- Theatrical release poster
- Directed by: Santhosh P. Jayakumar
- Produced by: S. Hari Bhaskaran
- Starring: Santhosh P. Jayakumar; Daniel Annie Pope; Meenal Sahu; Akrithi Singh;
- Cinematography: Ballu
- Edited by: Prasanna G. K.
- Music by: S. N. Prasad Dharan Kumar
- Production company: Flying Horse Pictures
- Distributed by: Rockfort Entertainment
- Release date: 14 November 2020;
- Running time: 120 minutes
- Country: India
- Language: Tamil

= Irandam Kuththu =

2020 film directed by santhosh.p.jayakumar

Irandam Kuththu is a 2020 Indian Tamil-language adult horror comedy film, written and directed by Santhosh P. Jayakumar who stars alongside Daniel Annie Pope, Meenal Sahu and Akrithi Singh. A spiritual successor Santhosh's Iruttu Araiyil Murattu Kuththu (2018), the film was released in theatres on 14 November 2020.

== Plot ==
Veera and Vasu are two friends who have been mistaken for gay men all their lives, marry two girls, and go to a resort in Bangkok for their honeymoons, where a horny ghost won't let them be in peace until they satisfy it sexually.

== Production ==
Director Santhosh P. Jayakumar announced plans to make a sequel to his earlier Iruttu Araiyil Murattu Kuththu (2018) in October 2019, after his other project, Pulanaivu featuring Arvind Swami, had an extended production break. Santhosh opted to star in the film himself, after other actors expressed their reluctance to be a part of the project. He shed 18 kg for his role. The film was shot in late 2019 and early 2020 in locations across Huinan County in China, Bangkok and Chennai. The title of the film was confirmed to be Irandam Kuththu in September 2020.

==Music==
The soundtrack was composed by S. N. Prasad.

Track listing
| No. | Title | Lyrics | Singer(s) | Length |
|---|---|---|---|---|
| 1. | "Thambi" | Srikanth Vardhan | S. N. Prasad | 2:00 |
| 2. | "Veera Da Veera" | Srikanth Vardhan | Bhavana Balakrishnan | 2:48 |
| 3. | "Thabela" | Ku Karthik | Diwakar, Vishnupriya Ravi | 3:12 |
| 4. | "Boom Boom" | Srikanth Vardhan | S. N. Prasad | 2:37 |
| 5. | "Virginity" | Srikanth Vardhan | Ramya NSK, Benny Dayal | 2:58 |

== Marketing ==

Following the release of the film's official trailer in October 2020, director Bharathiraja criticised the visuals and theme of the film in an open letter. In reply, Santhosh called out the director for being hypocritical citing examples of glamorous stills from Bharathiraja's Tik Tik Tik (1981) before revoking his response and apologising.

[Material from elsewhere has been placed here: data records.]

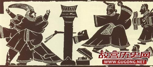 公元前227年,强秦先后灭亡韩国和赵国,燕国成了秦军下一个目标,太子丹知道燕兵不可能抵御秦师,于是孤注一掷,想刺杀秦王。刺客荆轲提着秦国叛将樊於期的人头和督亢地图来到了秦都,经严格检查后,荆轲见到了秦王嬴政,他展开督亢地图,图穷匕首见,毫无防备的秦国君臣被这突如其来的变故吓呆了,秦国规定不得带兵器见君王,大臣们只能看着干着急。嬴政急忙绕着柱子跑,腰中宝剑因太长,一时拔不出,就在荆轲快要追上时,秦王侍医夏无且将药囊当做武器丢向荆轲,得到这片刻时间,秦王把长剑背负拔出,击杀了荆轲。
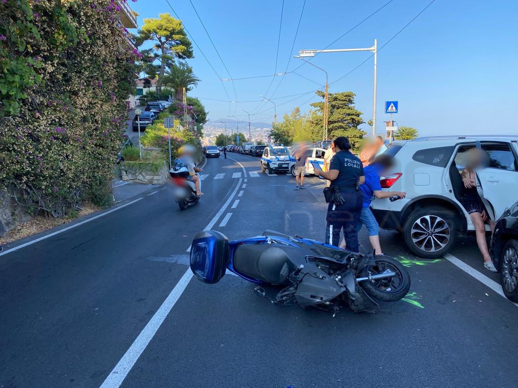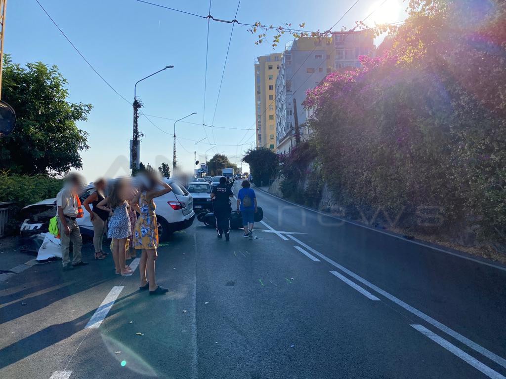 Grave incidente stradale in corso Marconi a Sanremo. Un'auto ed uno scooter si sono scontrati, all'altezza del bivio per Capo Nero.
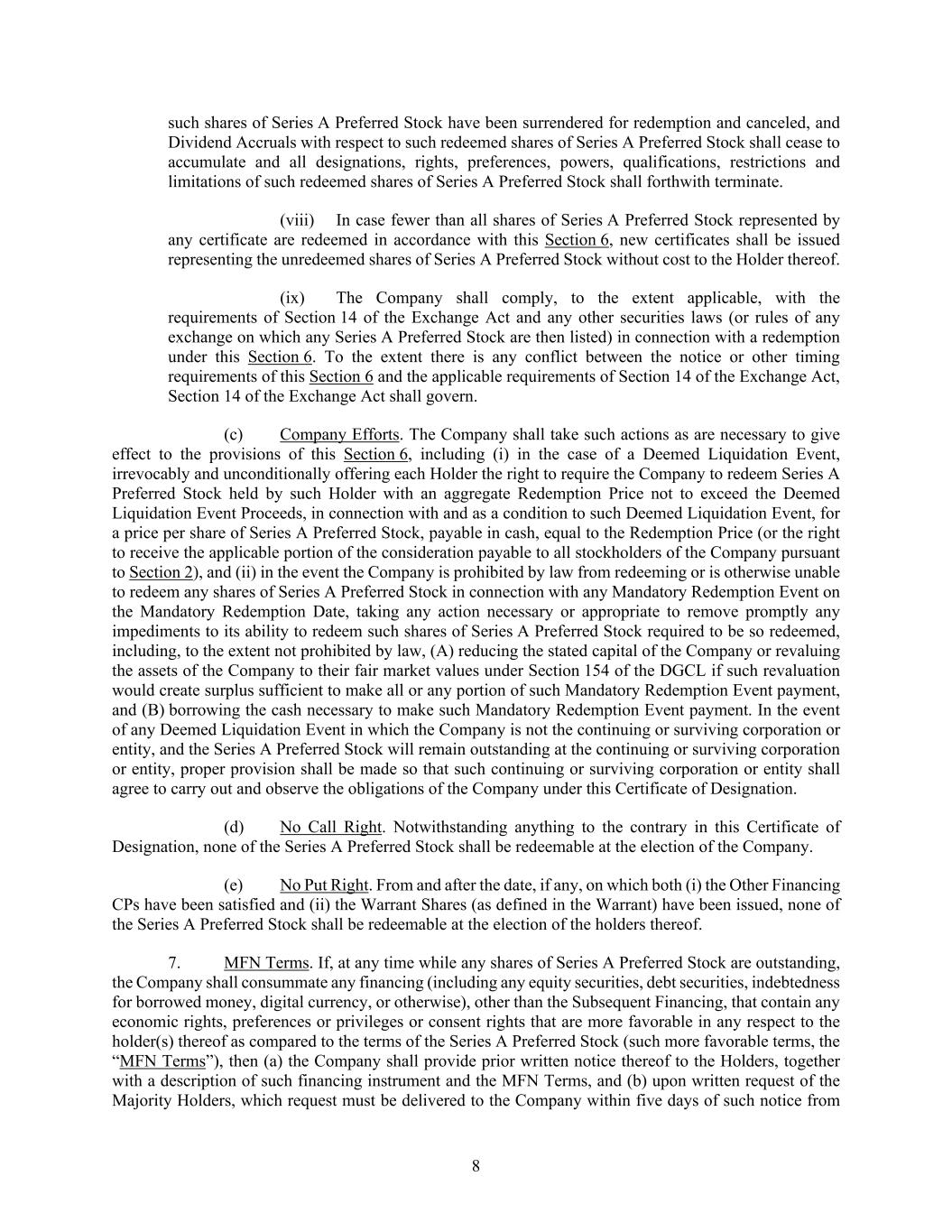 8 such shares of Series A Preferred Stock have been surrendered for redemption and canceled, and Dividend Accruals with respect to such redeemed shares of Series A Preferred Stock shall cease to accumulate and all designations, rights, preferences, powers, qualifications, restrictions and limitations of such redeemed shares of Series A Preferred Stock shall forthwith terminate. (viii) In case fewer than all shares of Series A Preferred Stock represented by any certificate are redeemed in accordance with this Section 6, new certificates shall be issued representing the unredeemed shares of Series A Preferred Stock without cost to the Holder thereof. (ix) The Company shall comply, to the extent applicable, with the requirements of Section 14 of the Exchange Act and any other securities laws (or rules of any exchange on which any Series A Preferred Stock are then listed) in connection with a redemption under this Section 6. To the extent there is any conflict between the notice or other timing requirements of this Section 6 and the applicable requirements of Section 14 of the Exchange Act, Section 14 of the Exchange Act shall govern. (c) Company Efforts. The Company shall take such actions as are necessary to give effect to the provisions of this Section 6, including (i) in the case of a Deemed Liquidation Event, irrevocably and unconditionally offering each Holder the right to require the Company to redeem Series A Preferred Stock held by such Holder with an aggregate Redemption Price not to exceed the Deemed Liquidation Event Proceeds, in connection with and as a condition to such Deemed Liquidation Event, for a price per share of Series A Preferred Stock, payable in cash, equal to the Redemption Price (or the right to receive the applicable portion of the consideration payable to all stockholders of the Company pursuant to Section 2), and (ii) in the event the Company is prohibited by law from redeeming or is otherwise unable to redeem any shares of Series A Preferred Stock in connection with any Mandatory Redemption Event on the Mandatory Redemption Date, taking any action necessary or appropriate to remove promptly any impediments to its ability to redeem such shares of Series A Preferred Stock required to be so redeemed, including, to the extent not prohibited by law, (A) reducing the stated capital of the Company or revaluing the assets of the Company to their fair market values under Section 154 of the DGCL if such revaluation would create surplus sufficient to make all or any portion of such Mandatory Redemption Event payment, and (B) borrowing the cash necessary to make such Mandatory Redemption Event payment. In the event of any Deemed Liquidation Event in which the Company is not the continuing or surviving corporation or entity, and the Series A Preferred Stock will remain outstanding at the continuing or surviving corporation or entity, proper provision shall be made so that such continuing or surviving corporation or entity shall agree to carry out and observe the obligations of the Company under this Certificate of Designation. (d) No Call Right. Notwithstanding anything to the contrary in this Certificate of Designation, none of the Series A Preferred Stock shall be redeemable at the election of the Company. (e) No Put Right. From and after the date, if any, on which both (i) the Other Financing CPs have been satisfied and (ii) the Warrant Shares (as defined in the Warrant) have been issued, none of the Series A Preferred Stock shall be redeemable at the election of the holders thereof. 7. MFN Terms. If, at any time while any shares of Series A Preferred Stock are outstanding, the Company shall consummate any financing (including any equity securities, debt securities, indebtedness for borrowed money, digital currency, or otherwise), other than the Subsequent Financing, that contain any economic rights, preferences or privileges or consent rights that are more favorable in any respect to the holder(s) thereof as compared to the terms of the Series A Preferred Stock (such more favorable terms, the “MFN Terms”), then (a) the Company shall provide prior written notice thereof to the Holders, together with a description of such financing instrument and the MFN Terms, and (b) upon written request of the Majority Holders, which request must be delivered to the Company within five days of such notice from

A public interest litigation petition was sought to stop the release of the film, citing the film was propagating vulgarity, obscenity and pornography. while the media promotions were being misused for the purpose of commercial benefit. As a result, although the film was allowed to release, the Madurai Bench of Madras High Court ordered the producers to remove the teaser and trailer from YouTube.

== Release ==
Irandam Kuththu was released on 14 November 2020 during the week of Diwali across theatres in Tamil Nadu, becoming the first theatrical Tamil release in over eight months owing to the COVID-19 pandemic. Prior to the release, barring the legal dispute on the film's adult content, it also faced potential delays as result of a dispute between the Tamil Film Active Producers Association (TFAPA) and Qube, a digital service provider. Likewise, as a result of a decision by newspapers to increase advertising, the makers opted to promote the film through online and physical posters only.

== Reception ==
M Suganth from The Times of India gave the film one star out of five, noting "if the plot follows the template set by the first film, everything else sinks to lower depths than what we witnessed in that one." Gopinath Rajendran from Cinema Express gave the film the same score, noting "Irandam Kuththu lacks the necessary horror or the comedy elements and resorts to sexual innuendos as the only weapon to tickle your funny bones", concluding it was "a hideously unfunny and unoriginal fiasco". Sify also gave the film one star, writing the film was "a below average adult horror-comedy". Karthik Keramalu of Film Companion, wrote, "The sex comedy [...] is a bore-fest in three tragic acts."